Share

Bulliying

Hari ini adalah hari pertama Diki kuliah tanpa adanya seorang Lula disampingnya. Seperti apa yang ia katakan pada Lula kemarin, mulai hari ini ia akan melakukan segala aktifitasnya sendirian. Mulai dari memasuki kampus, mengerjakan tugas, membaca buku, makan dikantin, hingga pulang kerumah .

Sepulang dari kampus, Diki tidak langsung pulang kerumahnya. Dengan menggunakan bis dia menuju rumah Lula. Jarak rumah mereka hanya sekitar seratus meter, tidak masalah jika dia harus pulang dengan berjalan kak8 nantinya.

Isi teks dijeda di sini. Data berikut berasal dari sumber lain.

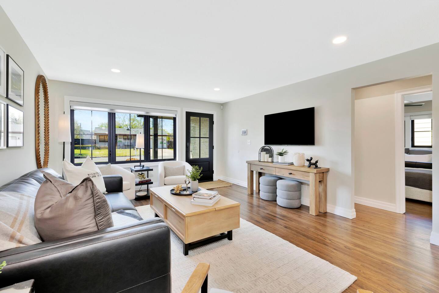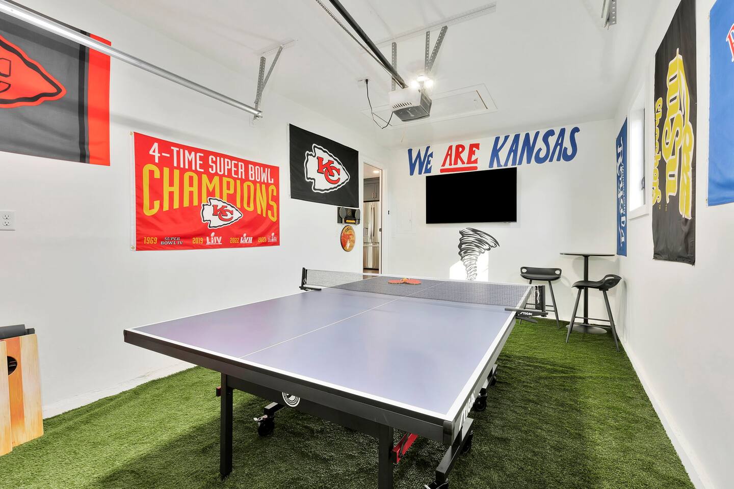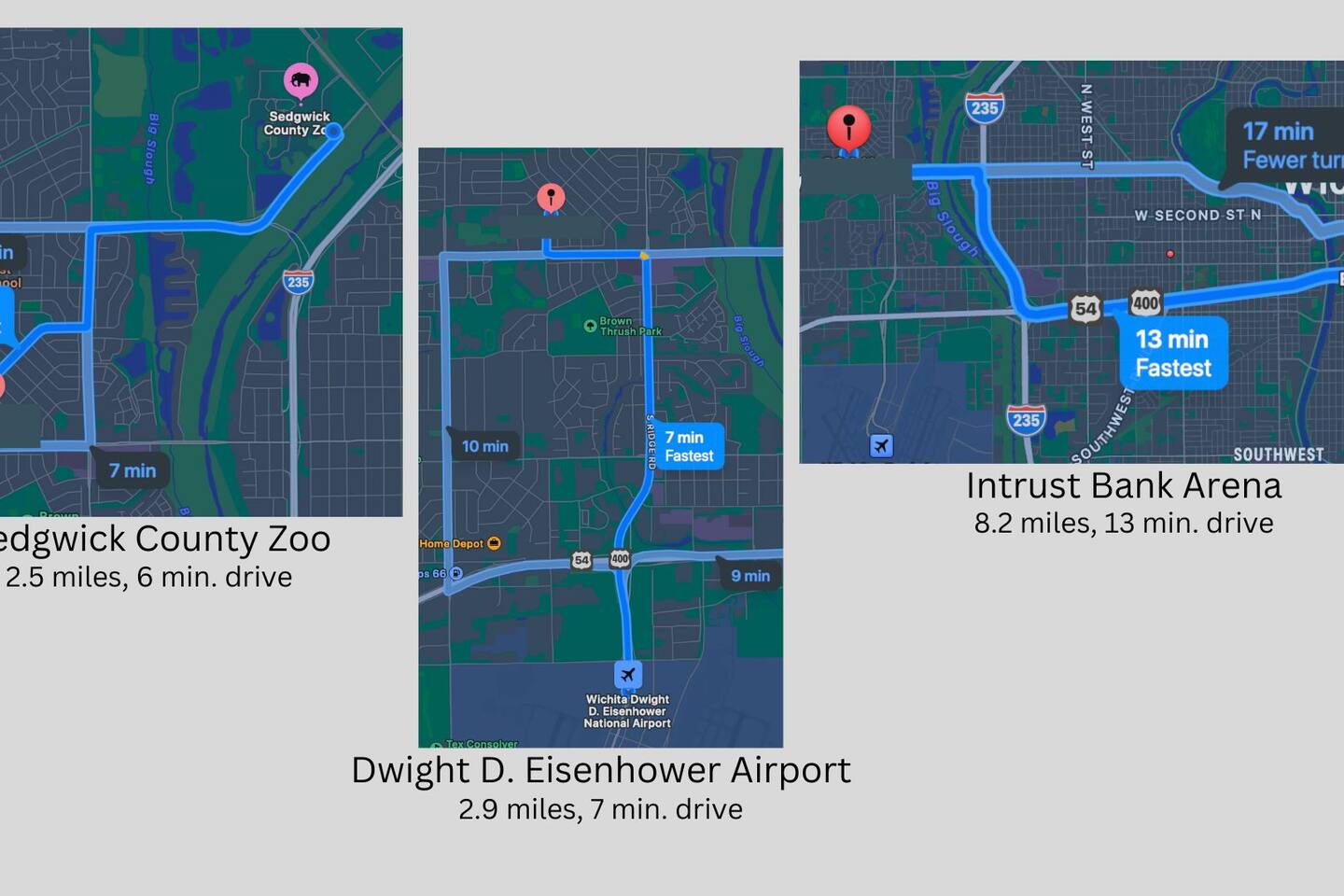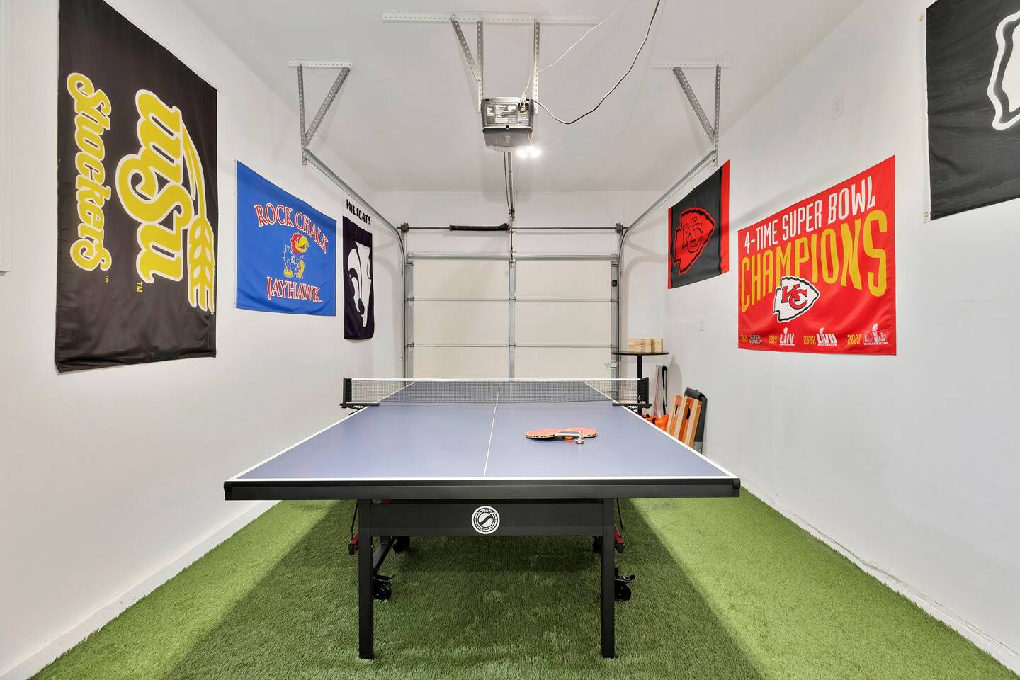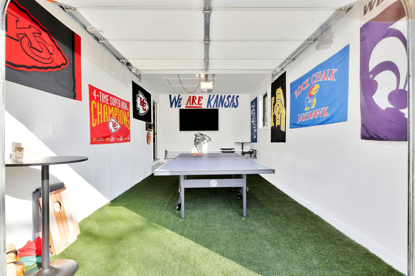 The fully renovated kitchen is the heart of the home. Updated with sleek countertops, modern appliances, and plenty of space for meal prep, this kitchen is fully stocked with everything you could to whip up a home cooked meal. KITCHEN - Stainless Steel appliances - Blender - Keurig coffee pot - Tea infuser pot The fun doesn’t stop inside! The turfed game room features a ping pong table, corn hole, Jenga, and a large TV, offering hours of entertainment for guests of all ages. Step out back to your own private sanctuary. The outdoor patio is equipped with comfortable seating and a grill, making it the perfect spot for relaxing and enjoying the peaceful surroundings. BEDROOM 1 - Blackout window coverings - King mattress - Closet - Luggage Rack - TV BEDROOM 2 - Blackout window coverings - King mattresses - Closet - Luggage Rack - Dresser BEDROOM 3 - Blackout window coverings - King mattresses - Closet - Luggage Racks - Pack N Play - Iron & Ironing Board FULL BATHROOM - Walk in shower - Hand soap - Shampoo, conditioner, & body wash - Plush towels - Hair dryer LAUNDRY/HALF BATH - Washer and Dryer - Laundry Pods - First Aid Kit We welcome you to come and enjoy this home as much as we do! PLEASE NOTE: -Guests are not allowed to make a reservation in their city of residence. Guests with a 316 area phone number will be required to submit their drivers license upon approval. If there is a local address on the drivers license, the booking will be cancelled. No exceptions. -We only accept bookings from individuals aged 25 and older. Bookings made by anyone under the age of 25 will not be accepted. -We have a security system in the property located by the front door. This is NOT a security camera, only security system.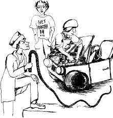 Доктору Шприцу нужно было выезжать на вызов, а машина как раз сломалась. Напильник тем временем что-то неспешно ковырял в моторе. Он выглядел усталым и невыспавшимся и делал всё как-то медленно. Все уже привыкли к угрозам Шприца и не воспринимали их всерьез. Но Барвинка, как раз проходившая по улице мимо того места, где застрял автомобиль, остановилась и своим звонким голосом, так, что услышали и другие прохожие, произнесла: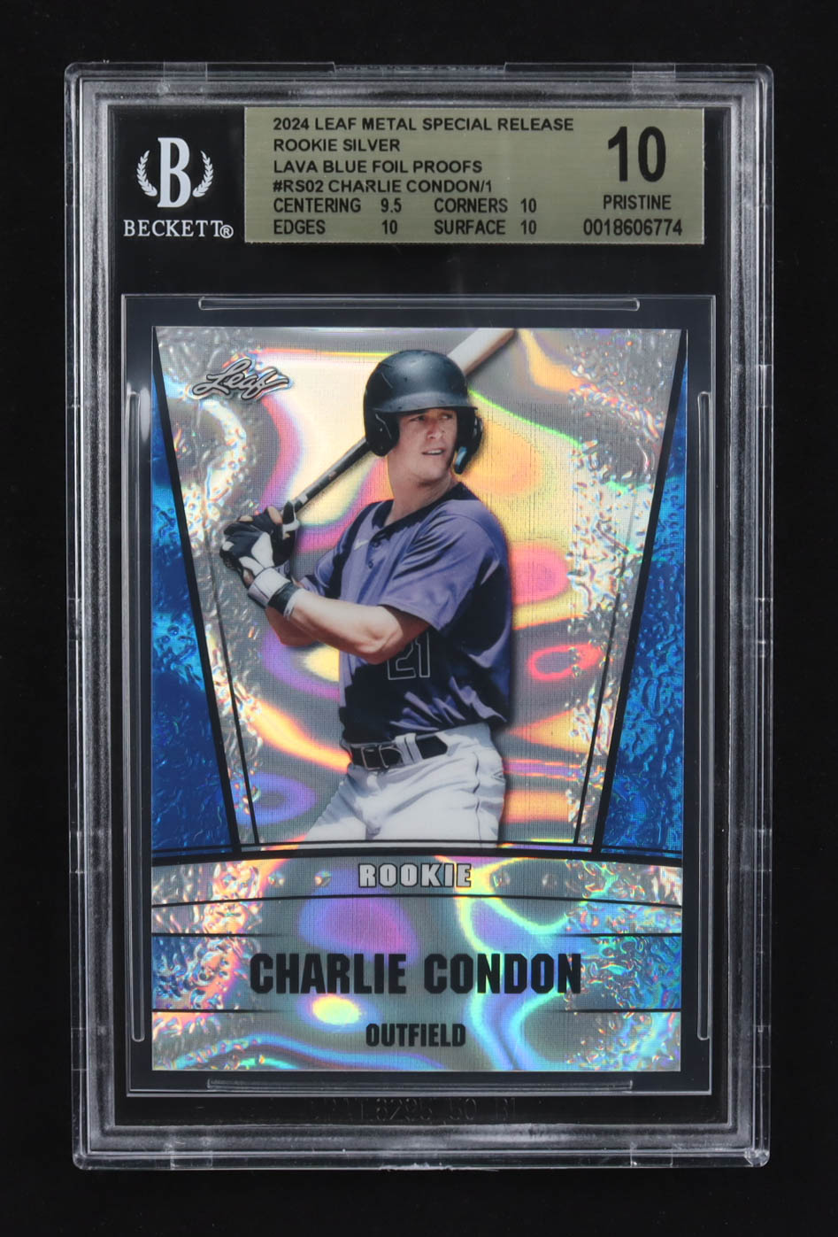 Charlie Condon 2024 Leaf Metal Special Release Rookie Silver Lava Blue Foil Proofs #RS02 RC (BGS 10)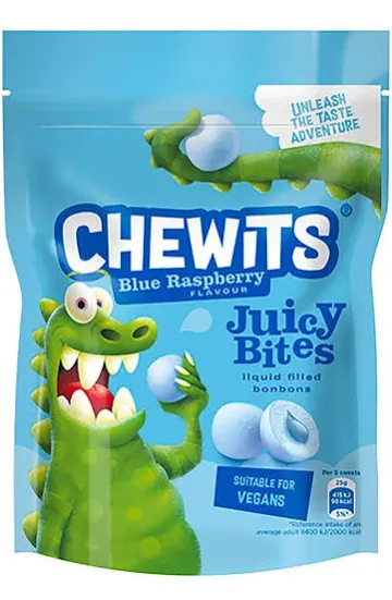Sugar, glucose syrup, vegetable fats (palm, coconut), humectant (sorbitol), maltodextrin, fruit juice from concentrate (orange, raspberry, pineapple), acids (citric acid, lactic acid), natural flavouring, emulsifier (sucrose esters of fatty acids), salt, concentrate from (spirulina), spirulina extract, acidity regulator (sodium lactate).

Setibanya dirumah Lula, Diki duduk diruang tamu, dan Inah memanggilkan majikannya itu. Sebenarnya Lula sudah pernah mengatakan pada orang yang ada dirumah agar Diki langsung saja masuk kedalam kamarnya jika pria lugu dan cupu itu datang berkunjung. Namun seorang Diki yang dididik baik oleh orang tuanya tak pernah mau begitu saja memasuki kamar wanita meski itu saudaranya, apalagi Lula bukan saudaranya.

Berulang kali Inah mengetuk pintu kamar Lula, namun wanita itu tak menyahut sama sekali. Inah merogoh saku celananya untuk menghubungi Lula. Lula pernah mengatakan jika Inah kesusahan mencarinya, maka jangan sungkan untuk menelfon ke nomor pribadinya. Nomor pribadi yang dimaksud Lula ialah nomor khusus yang ada didalam ruang rahasianya, nomor itu hanya Lula percayakan kepada Diki dan Inah. Namun jika Lula tetap tidak mengangkat, maka Inah akan menelfonnya di nomor ponsel Lula yang biasa.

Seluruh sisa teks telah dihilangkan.